Task objective: Among the entries below, find the line with "Пряжа для вязания" and the line with "Cat Coffee Style". Return exactly those lines and every line between them, but no pictures.

Provided entries:
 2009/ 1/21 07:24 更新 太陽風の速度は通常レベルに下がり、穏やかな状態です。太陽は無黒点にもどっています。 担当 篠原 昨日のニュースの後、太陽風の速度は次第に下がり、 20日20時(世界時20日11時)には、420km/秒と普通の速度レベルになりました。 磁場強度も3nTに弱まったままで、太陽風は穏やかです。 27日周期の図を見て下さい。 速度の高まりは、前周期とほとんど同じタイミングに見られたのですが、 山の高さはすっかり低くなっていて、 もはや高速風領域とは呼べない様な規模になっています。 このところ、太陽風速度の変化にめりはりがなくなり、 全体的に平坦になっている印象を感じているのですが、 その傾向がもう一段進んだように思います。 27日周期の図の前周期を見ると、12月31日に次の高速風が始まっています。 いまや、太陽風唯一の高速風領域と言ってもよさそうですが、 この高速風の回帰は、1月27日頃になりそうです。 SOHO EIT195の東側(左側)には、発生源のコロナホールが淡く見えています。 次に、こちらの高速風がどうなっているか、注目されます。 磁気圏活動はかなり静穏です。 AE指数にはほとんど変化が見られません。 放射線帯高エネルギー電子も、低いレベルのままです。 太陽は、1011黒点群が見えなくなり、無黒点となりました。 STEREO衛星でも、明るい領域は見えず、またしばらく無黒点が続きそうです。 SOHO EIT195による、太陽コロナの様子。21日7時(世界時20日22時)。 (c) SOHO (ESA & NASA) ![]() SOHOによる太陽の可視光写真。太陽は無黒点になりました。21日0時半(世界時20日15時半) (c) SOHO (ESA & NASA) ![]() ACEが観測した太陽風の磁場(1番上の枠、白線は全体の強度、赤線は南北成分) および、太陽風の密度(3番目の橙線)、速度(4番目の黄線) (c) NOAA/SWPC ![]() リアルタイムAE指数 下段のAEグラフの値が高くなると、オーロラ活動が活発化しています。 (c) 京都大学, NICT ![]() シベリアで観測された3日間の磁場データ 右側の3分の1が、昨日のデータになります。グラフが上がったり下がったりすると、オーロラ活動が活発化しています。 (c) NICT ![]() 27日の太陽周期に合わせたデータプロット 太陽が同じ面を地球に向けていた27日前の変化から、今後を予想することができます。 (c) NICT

...

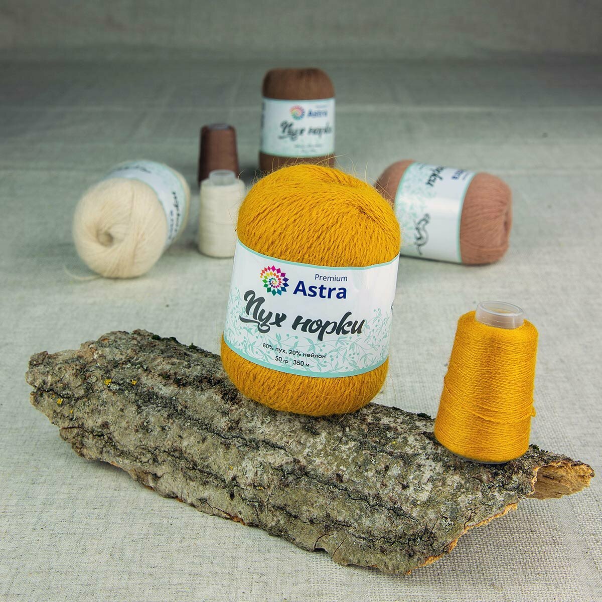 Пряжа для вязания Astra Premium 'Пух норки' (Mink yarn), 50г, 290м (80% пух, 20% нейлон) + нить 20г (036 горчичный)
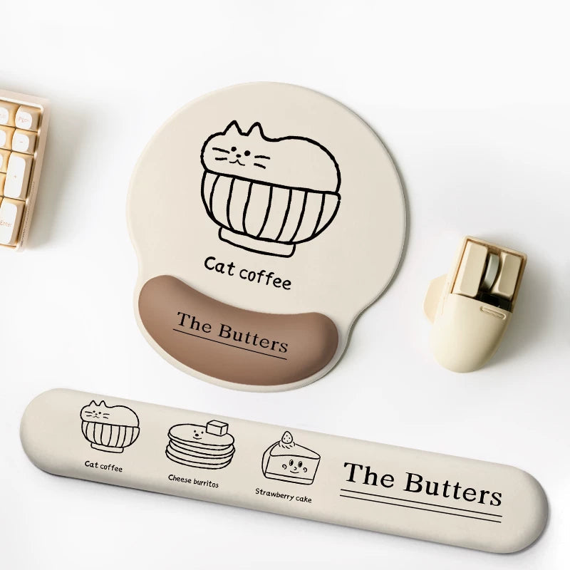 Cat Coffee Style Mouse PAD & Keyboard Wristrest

Result:
 Пряжа для вязания Astra Premium 'Пух норки' (Mink yarn), 50г, 290м (80% пух, 20% нейлон) + нить 20г (036 горчичный)
 Cat Coffee Style Mouse PAD & Keyboard Wristrest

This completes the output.